• _EXERCISE DIRECTIONS_
Restate the lines of the material below word for word, from the first through the one containing "- En el panel", and include nothing else; pictures stay out.

• _MATERIAL PROVIDED_
Segment Open

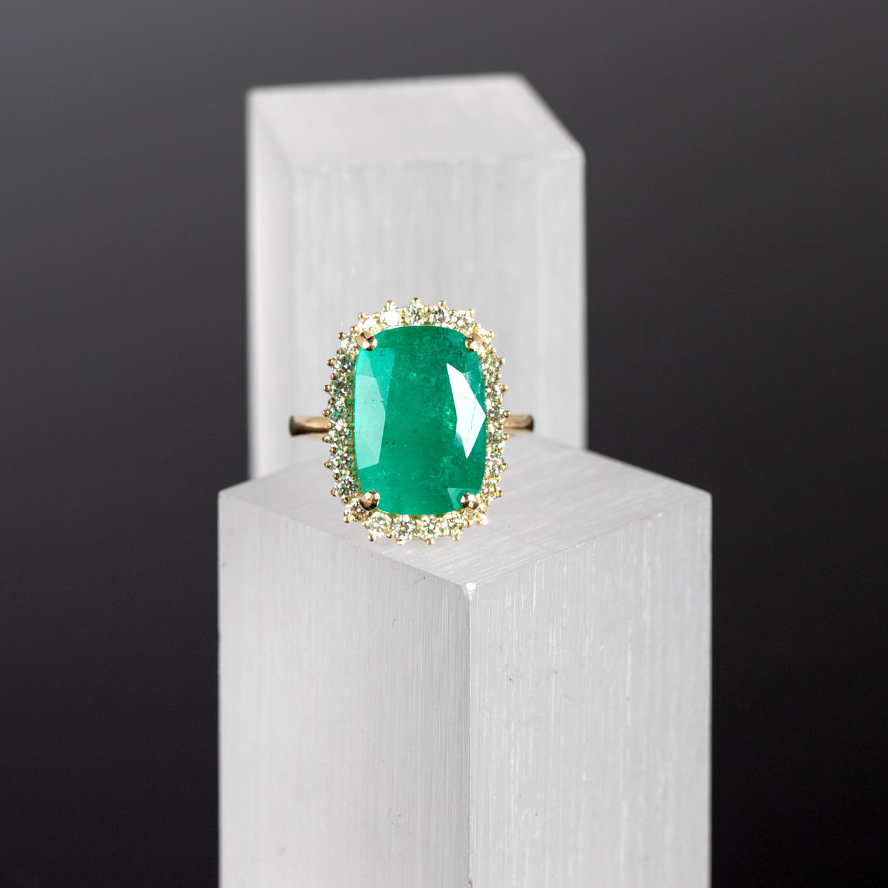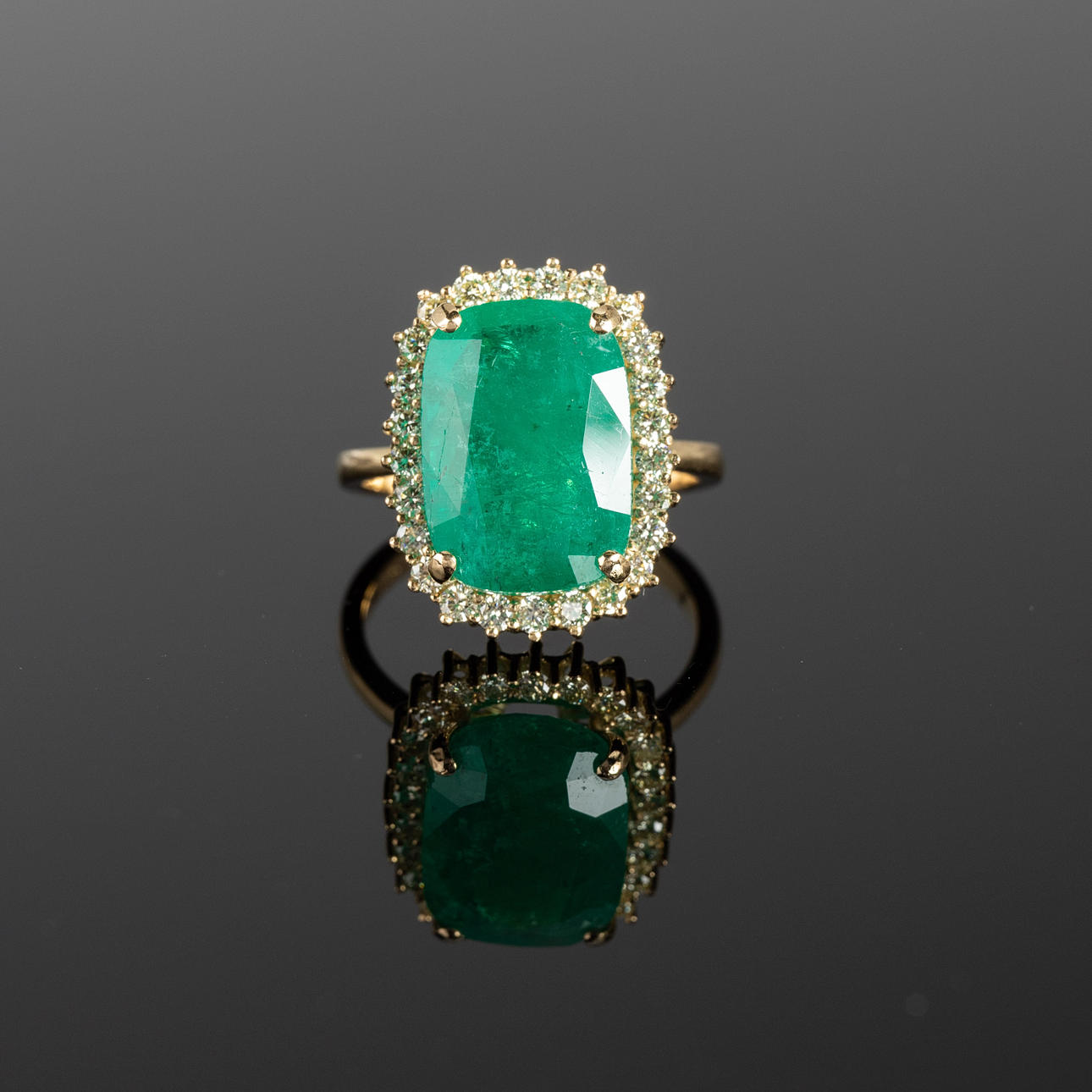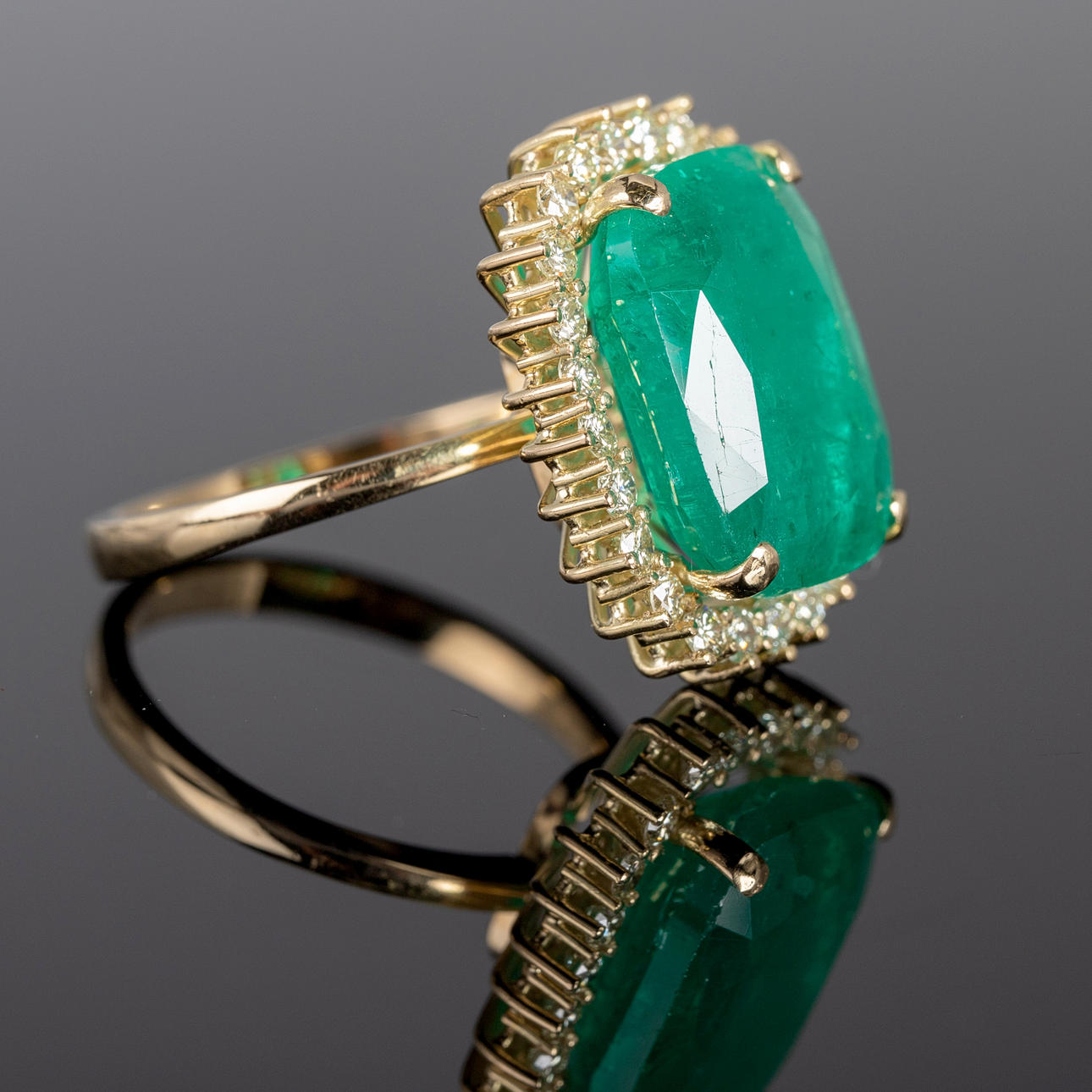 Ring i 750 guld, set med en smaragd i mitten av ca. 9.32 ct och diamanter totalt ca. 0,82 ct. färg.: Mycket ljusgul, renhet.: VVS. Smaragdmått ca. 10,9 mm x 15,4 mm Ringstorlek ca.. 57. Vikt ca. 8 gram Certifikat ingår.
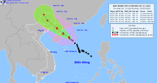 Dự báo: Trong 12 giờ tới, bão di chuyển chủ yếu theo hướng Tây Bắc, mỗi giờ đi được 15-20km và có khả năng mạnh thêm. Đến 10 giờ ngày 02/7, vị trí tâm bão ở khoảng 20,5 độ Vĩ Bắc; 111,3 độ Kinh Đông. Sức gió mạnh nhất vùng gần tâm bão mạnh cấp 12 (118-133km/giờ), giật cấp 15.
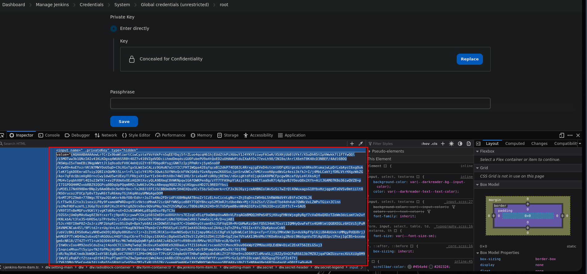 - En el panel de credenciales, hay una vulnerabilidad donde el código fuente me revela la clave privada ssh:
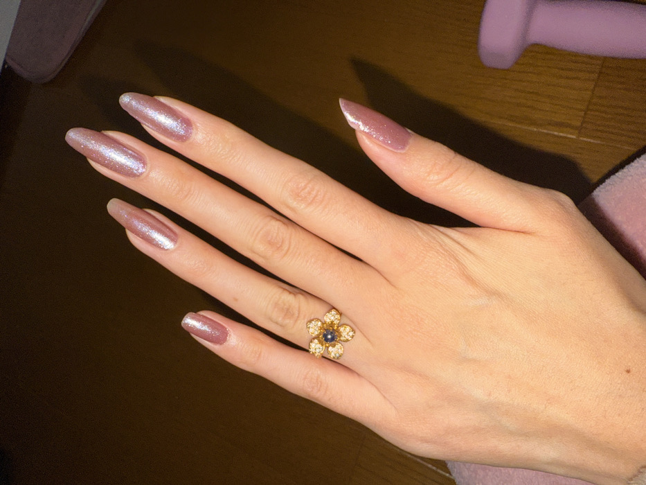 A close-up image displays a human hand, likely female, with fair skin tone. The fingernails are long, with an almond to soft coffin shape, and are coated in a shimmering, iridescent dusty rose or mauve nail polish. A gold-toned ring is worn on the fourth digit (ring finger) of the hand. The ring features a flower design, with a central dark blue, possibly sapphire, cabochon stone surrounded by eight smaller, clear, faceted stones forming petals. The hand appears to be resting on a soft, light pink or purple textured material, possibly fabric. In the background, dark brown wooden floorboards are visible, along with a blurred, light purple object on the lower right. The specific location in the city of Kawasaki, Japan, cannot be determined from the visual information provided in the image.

Segment Closed

• _ANSWER TO THIS PROBLEM_
 Ring i 750 guld, set med en smaragd i mitten av ca. 9.32 ct och diamanter totalt ca. 0,82 ct. färg.: Mycket ljusgul, renhet.: VVS. Smaragdmått ca. 10,9 mm x 15,4 mm Ringstorlek ca.. 57. Vikt ca. 8 gram Certifikat ingår.
 Dự báo: Trong 12 giờ tới, bão di chuyển chủ yếu theo hướng Tây Bắc, mỗi giờ đi được 15-20km và có khả năng mạnh thêm. Đến 10 giờ ngày 02/7, vị trí tâm bão ở khoảng 20,5 độ Vĩ Bắc; 111,3 độ Kinh Đông. Sức gió mạnh nhất vùng gần tâm bão mạnh cấp 12 (118-133km/giờ), giật cấp 15.
 - En el panel de credenciales, hay una vulnerabilidad donde el código fuente me revela la clave privada ssh:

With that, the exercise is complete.